Training loss versus depth

Final training loss plotted against model depth.
Training loss vs depth The MLP fails at depth 50; the SymplecticPINN improves slightly as depth increases.

The MLP is roughly stable up to depth 25 but fails catastrophically at depth 50, with loss increasing by several orders of magnitude. ResidualMLP stays stable. SymplecticPINN also stays stable and improves slightly as depth increases, suggesting that the optimizer can use the extra capacity when gradient flow is preserved. This contrasts with the Greydanus et al.[4] setting, where depth was not a primary variable — their Hamiltonian constraint was applied to a shallow energy network. The present experiment shows the constraint remains effective at depths that break standard residual architectures.

Numerical summary

Terminal output with numerical summary of the depth stress test.
Numerical summary The exact numbers behind the paper table are preserved for transparency.

The minimum singular value is the most important diagnostic. A value near zero means at least one latent direction receives no useful gradient signal. The notes report that MLP reaches numerical zero at every depth, ResidualMLP delays but does not prevent collapse, and SymplecticPINN keeps the minimum singular value above approximately 0.25. This is the quantitative evidence for the claim that Störmer-Verlet integration preserves gradient signal across all tested depths.

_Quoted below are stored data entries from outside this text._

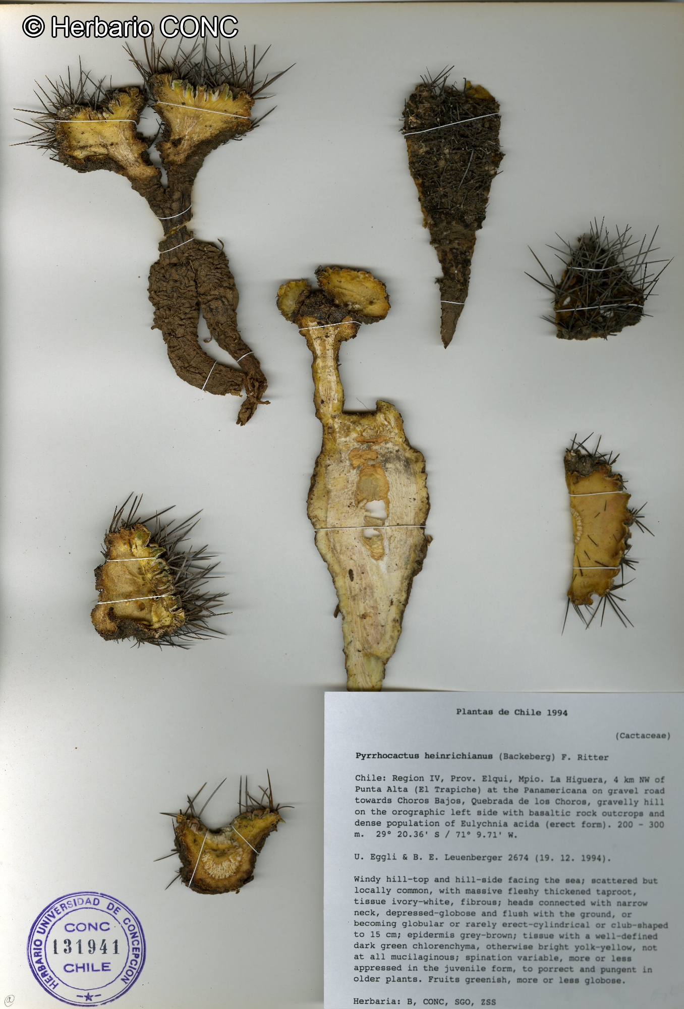 Pyrrhocactus heinrichianus (Backeb.) F. Ritter, Pyrrhocactus chaniarensis F. Ritter, Pyrrhocactus jussieui (Monv. ex Salm-Dyck) Britton & Rose var. australis F. Ritter, Pyrrhocactus jussieui (Monv. ex Salm-Dyck) Britton & Rose var. spinosior F. Ritter, Pyrrhocactus setosiflorus F. Ritter var. intermedius F. Ritter, Pyrrhocactus trapichensis F. Ritter, Pyrrhocactus wagenknechtii F. Ritter, Neoporteria chorosensis (F. Ritter) Donald & G.D. Rowley, Neoporteria deherdtiana (Backeb.) Donald & G.D. Rowley, nom. illeg., Neoporteria dimorpha (F. Ritter) Donald & G.D. Rowley, Neoporteria jussieui (Monv. ex Salm-Dyck) Britton & Rose, Neoporteria jussieui (Monv. ex Salm-Dyck) Britton & Rose var. chaniarensis (F. Ritter) A.E. Hoffm., Neoporteria jussieui (Monv. ex Salm-Dyck) Britton & Rose var. chorosensis (F. Ritter) A.E. Hoffm., Neoporteria jussieui (Monv. ex Salm-Dyck) Britton & Rose var. dimorpha (F. Ritter) A.E. Hoffm., Neoporteria jussieui (Monv. ex Salm-Dyck) Britton & Rose var. setosiflora (F. Ritter) A.E. Hoffm., Neoporteria jussieui (Monv. ex Salm-Dyck) Britton & Rose var. trapichensis (F. Ritter) A.E. Hoffm., Neoporteria jussieui (Monv. ex Salm-Dyck) Britton & Rose var. wagenknechtii (F. Ritter) A.E. Hoffm., Neoporteria occulta (Phil.) Britton & Rose, Neoporteria ritteri Donald & G.D. Rowley, Neoporteria setosiflora (F. Ritter) Donald & G.D. Rowley, Eriosyce heinrichiana (Backeb.) Katt. subsp. intermedia (F. Ritter) Katt., Eriosyce heinrichiana (Backeb.) Katt. var. setosiflora (F. Ritter) Katt., Pyrrhocactus setosiflorus F. Ritter, Chilenia occulta (Phil.) Backeb., Echinocactus occultus Phil., Chilenia jussieui (Monv. ex Salm-Dyck) Backeb.
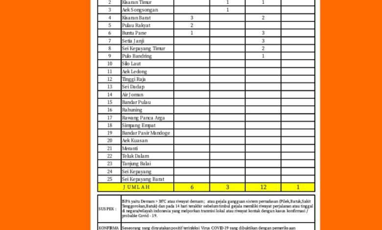 Untuk yang terkonfirmasi positif terpapar virus Corona sebanyak 3 orang masing – masing tersebar di Kecamatan Air Batu, Kisaran Timur, dan Aek Songsongan. Sedangkan penambahan warga yang sembuh sebanyak 12 orang tersebar di 6 Kecamatan yaitu Kecamatan Kisaran Timur 1 orang, Kisaran Barat 2 orang, Buntu Pane 3 orang, Setia Janji 3 orang, Sei Kepayang Timur 2 orang, dan Pulo Bandring 1 orang.
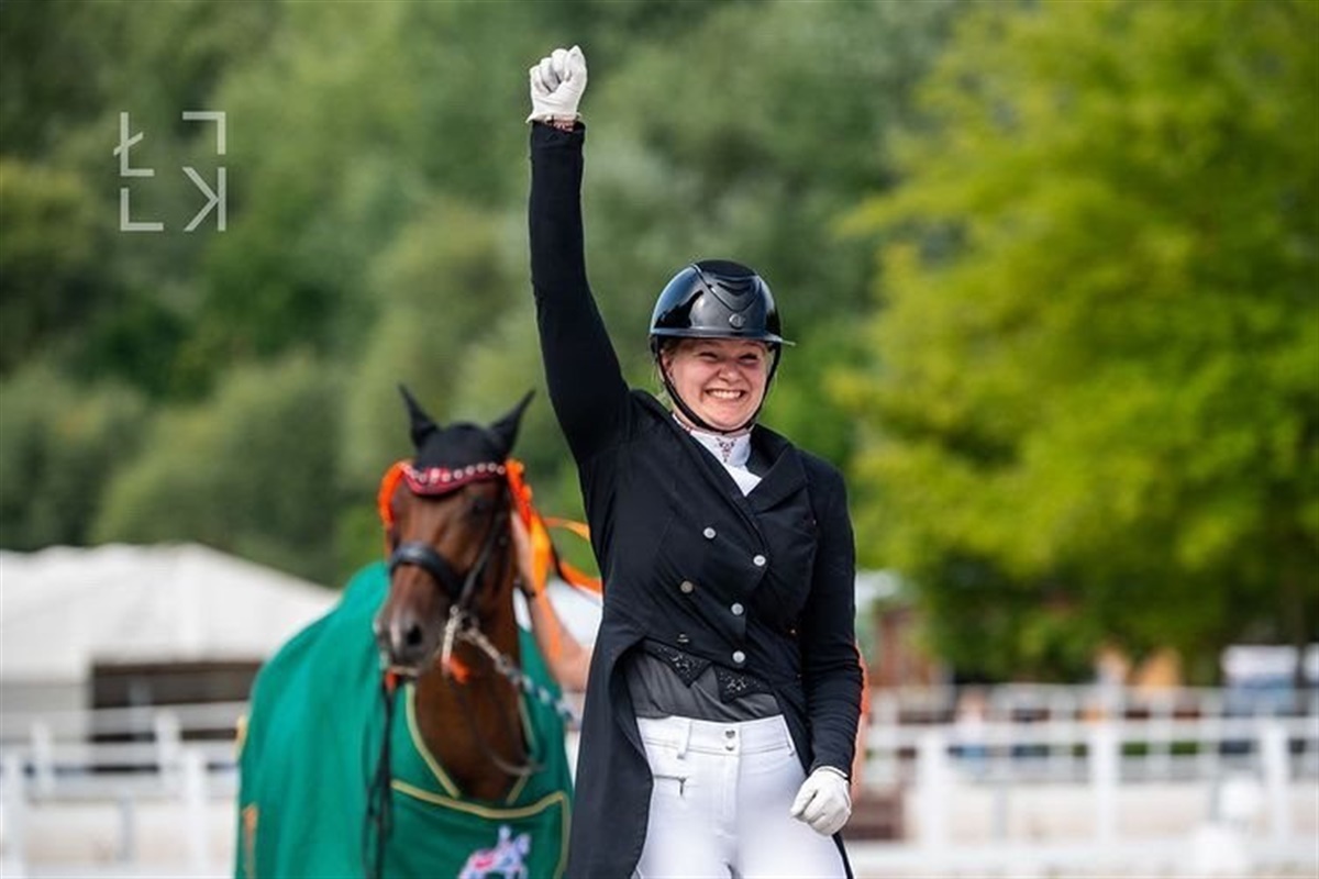 – I 2021, da jeg var 19 år, red vi et lille stævne her i Holland på Intermediaire II-niveau, og der fik vi med det samme 71%. Så jeg kontaktede Anne-Mette Binder for at høre, om jeg måtte starte internationalt det år, og så red vi vores første, internationale stævne, hvor vi fik 67%, så det var okay. Vi var til NM det år også, og der fik vi holdguld og individuelt sølv med hjem, og i år er Dio bare blevet mere og mere fantastisk, runder en glad og stolt Thea Bech af.
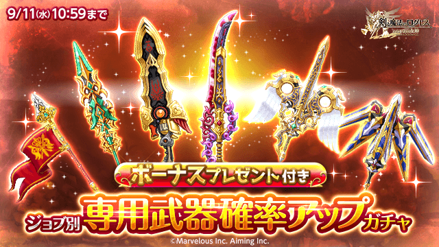 人気の専用武器を手に入れよう!「ジョブ別 専用武器確率アップガチャ」
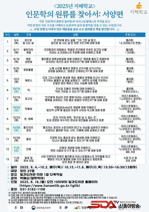 Çϳ²½ÃÀϰ¡µµ¼­°ü, ¡®2025³â ÁöÇýÇб³ Àι®ÇÐÀÇ ¿ø·ù¸¦ ã¾Æ¼­: ¼­¾çÆí¡¯ ¿î¿µ
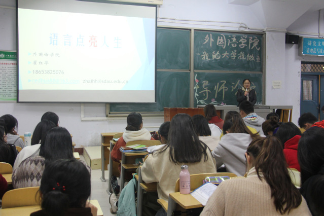 翟红华以“语言点亮人生”为主题,结合个人成长、成功经历中的一个个小故事,以“语言”为关键词,串联起了整场报告。从初识语言、语言学习、语言研究到语言学习心得4个方面,深入浅出、循循善诱地教育学生语言学习更需要刻苦的努力、坚强的毅力和日复一日的积累,引导学生语言学习要肯吃苦、有耐力、有追求,要树立目标、付诸行动、持之以恒,鼓励学生完成从被动学习到主动学习、再到研究导向学习的转变过程,只有这样,才能最终实现让语言改变、点亮自己的人生,成就优秀的自己。
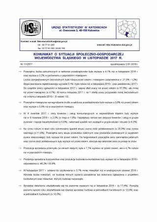 Komunikat o sytuacji społeczno-gospodarczej województwa śląskiego - listopad 2017
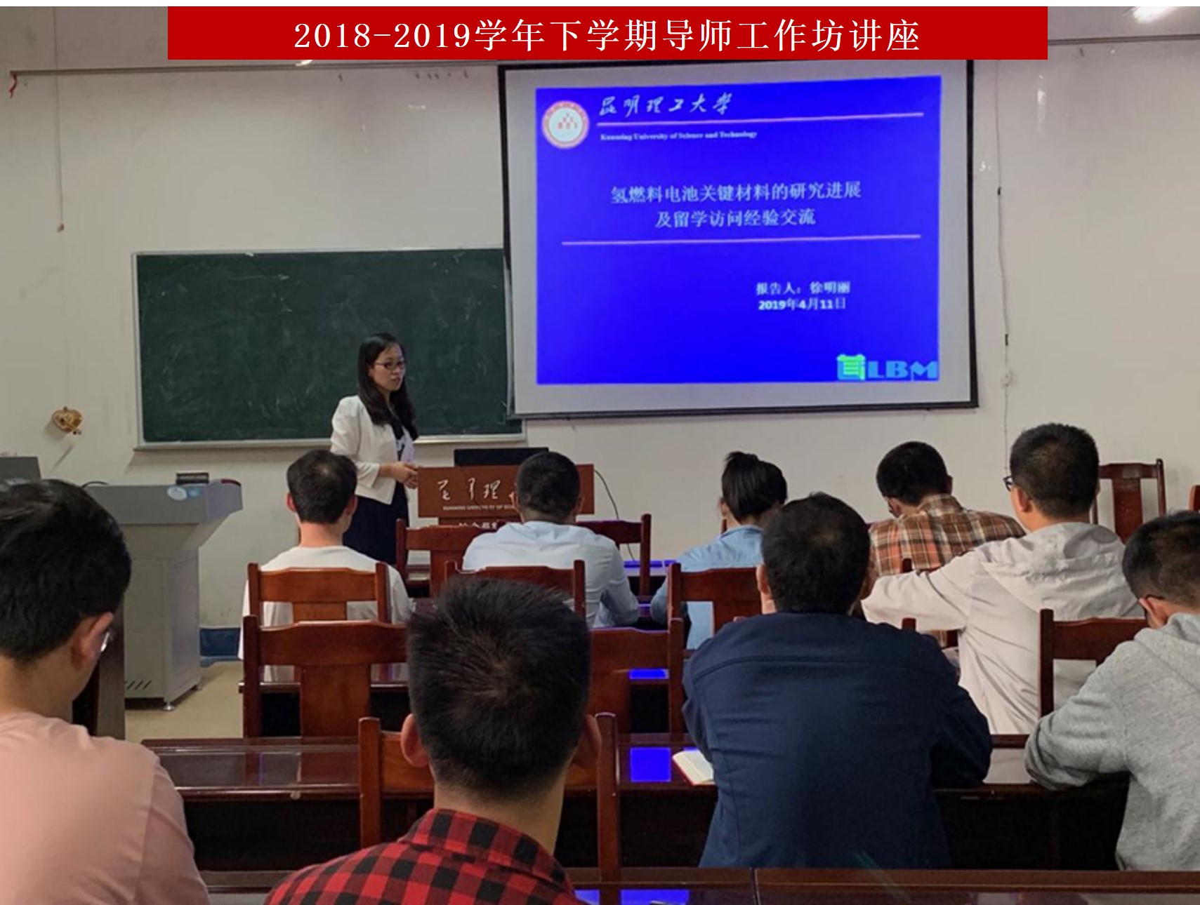 博士生导师徐明丽教授在莲华校区冶能楼407教室作了题为“氢燃料电池关键材料的研究进展及留学访问经验交流”的导师工作坊讲座,全校60余名师生聆听了讲座。
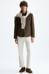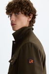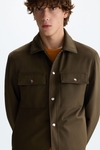 Relaxed fit overshirt in laminated textured technical fabric. Spread collar, personalised snap placket fastening, two welt pockets with interior Cinta PG and two chest snap-fastening flap pockets. Shirt-style cuffs with snap fastening, interior lining with patch pocket and rubber patch with Cubo PG at the left sleeve. Model is 187 cm | 6' 2'' and is wearing a size Small.
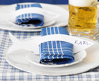 É um simples pedaço de papel no formato de um peixe. No meio, corte um buraco oval por onde o guardanapo dobrado é colocado. (Mais abaixo o molde dos peixes em dois tamanhos)
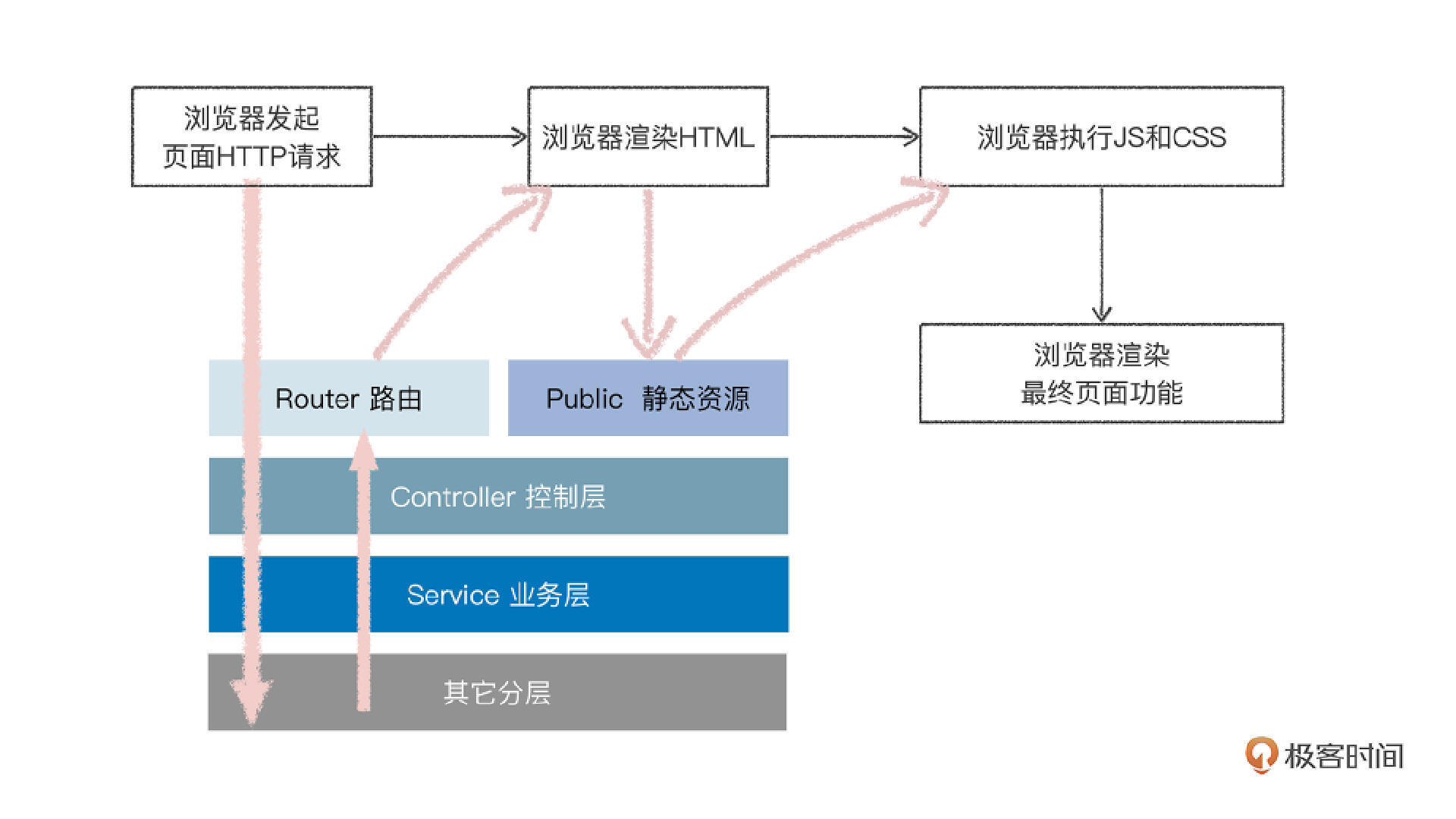 现在,我们已经成功实现了一个基于Koa.js的Web服务,接下来,就要集合上节课的前端代码,整合前后端分离的全栈项目。这里你估计会有疑问,为什么需要做项目的前后端分离呢?
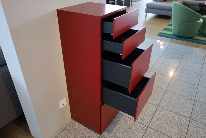 Schubladenkommode (BxHxT) 40 x 117,2 x 39 cm, Lack matt rubin, Schubkastenzargen Melamin schwarz, statt 2.243,-
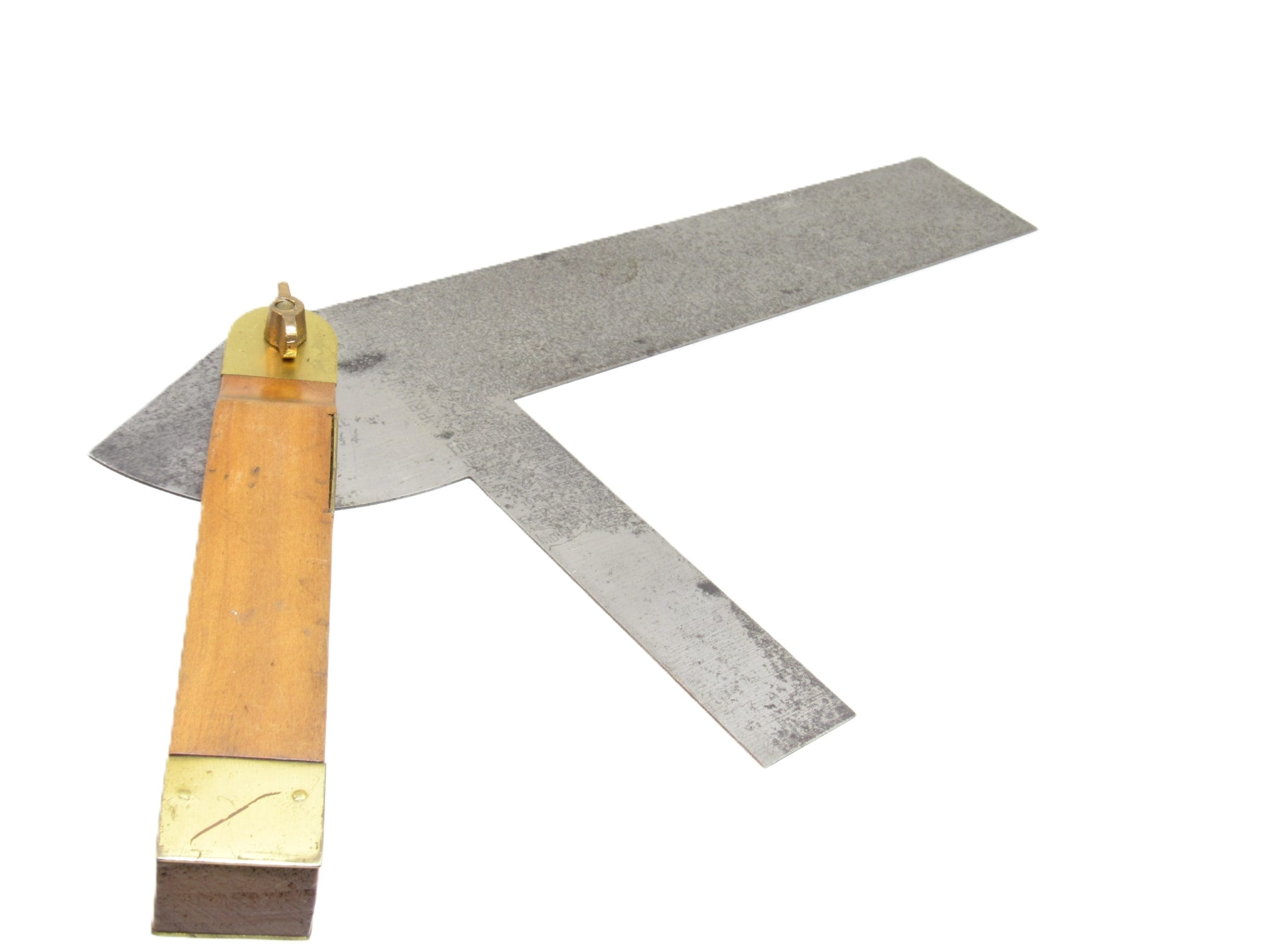 The tool features a swinging secondary blade that allows for precise rafter layout, with one blade marked with roof pitch tables and rafter length calculationsโan early and elegant solution for complex framing geometry. The stock is typically made of cherry, and survi

Caveat: these plots should be regenerated from the final corrected separable-Hamiltonian architecture before paper submission. The qualitative finding is expected to hold, but reproducibility should come from committed final code.

References

  1. Aich, A. & Aich, A. (2025). Symplectic Generative Networks: A Hamiltonian Framework for Invertible Deep Generative Modeling. arXiv:2505.22527.
  2. Canizares, P., Murari, D., Schönlieb, C.-B., Sherry, F., & Shumaylov, Z. (2024). Symplectic Neural Flows for Modeling and Discovery. arXiv:2412.16787.
  3. Tanaka, Y., Iwata, T., & Ueda, N. (2022). Symplectic Spectrum Gaussian Processes: Learning Hamiltonians from Noisy and Sparse Data. Advances in Neural Information Processing Systems 35 (NeurIPS 2022).
  4. Greydanus, S., Dzamba, M., & Yosinski, J. (2019). Hamiltonian Neural Networks. Advances in Neural Information Processing Systems 32 (NeurIPS 2019).
  5. Abijuru, J., Nagda, M., Ostheimer, P., Aurich, J. C., Vollmer, S. J., Kloft, M., & Fellenz, S. (2025). Physics-Informed Residual Flows. EurIPS 2025 Workshop on Differentiable Systems (DiffSys).